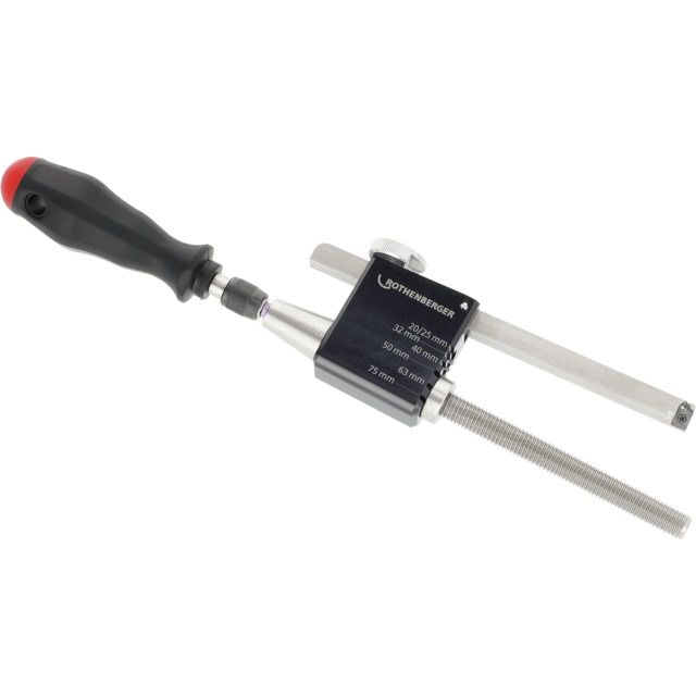 Il dispositivo di pelatura ROSCRAPER 75 è progettato per rimuovere lo strato di ossido da tubi termoplastici e parti stampate. La lama di alta qualità garantisce un'asportazione di trucioli di almeno 0,2 mm per ogni processo di pelatura, in conformità alla norma DVS 2207. Oltre a tenere saldamente l'utensile di pelatura, i tappi assicurano anche che le estremità dei tubi siano pressate in modo rotondo, contrastando così l'eventuale ovalizzazione delle estremità dei tubi. Il processo di pelatura viene eseguito utilizzando l'impugnatura in dotazione.
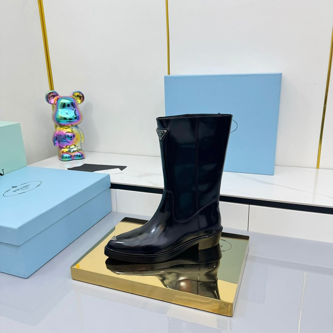 PRADA 25S POINTED TOE HIGH BOOTS 50MM IN BLACK GLOSSY CALFSKIN WITH LOGO
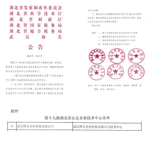 2013年8月12日,我公司技術(shù)中心被湖北省發(fā)展和改革委員會、湖北省科學(xué)技術(shù)廳、湖北省財政廳、湖北省國家稅務(wù)局、湖北省地方稅務(wù)局、武漢海關(guān)聯(lián)合認(rèn)定為“省級企業(yè)技術(shù)中心”,預(yù)示著我公司科技創(chuàng)新工作揭開了新篇章。

## Task details
Return the listing verbatim; pictures are not part of the copy.

## Written answer
 Il dispositivo di pelatura ROSCRAPER 75 è progettato per rimuovere lo strato di ossido da tubi termoplastici e parti stampate. La lama di alta qualità garantisce un'asportazione di trucioli di almeno 0,2 mm per ogni processo di pelatura, in conformità alla norma DVS 2207. Oltre a tenere saldamente l'utensile di pelatura, i tappi assicurano anche che le estremità dei tubi siano pressate in modo rotondo, contrastando così l'eventuale ovalizzazione delle estremità dei tubi. Il processo di pelatura viene eseguito utilizzando l'impugnatura in dotazione.
 PRADA 25S POINTED TOE HIGH BOOTS 50MM IN BLACK GLOSSY CALFSKIN WITH LOGO
 2013年8月12日,我公司技術(shù)中心被湖北省發(fā)展和改革委員會、湖北省科學(xué)技術(shù)廳、湖北省財政廳、湖北省國家稅務(wù)局、湖北省地方稅務(wù)局、武漢海關(guān)聯(lián)合認(rèn)定為“省級企業(yè)技術(shù)中心”,預(yù)示著我公司科技創(chuàng)新工作揭開了新篇章。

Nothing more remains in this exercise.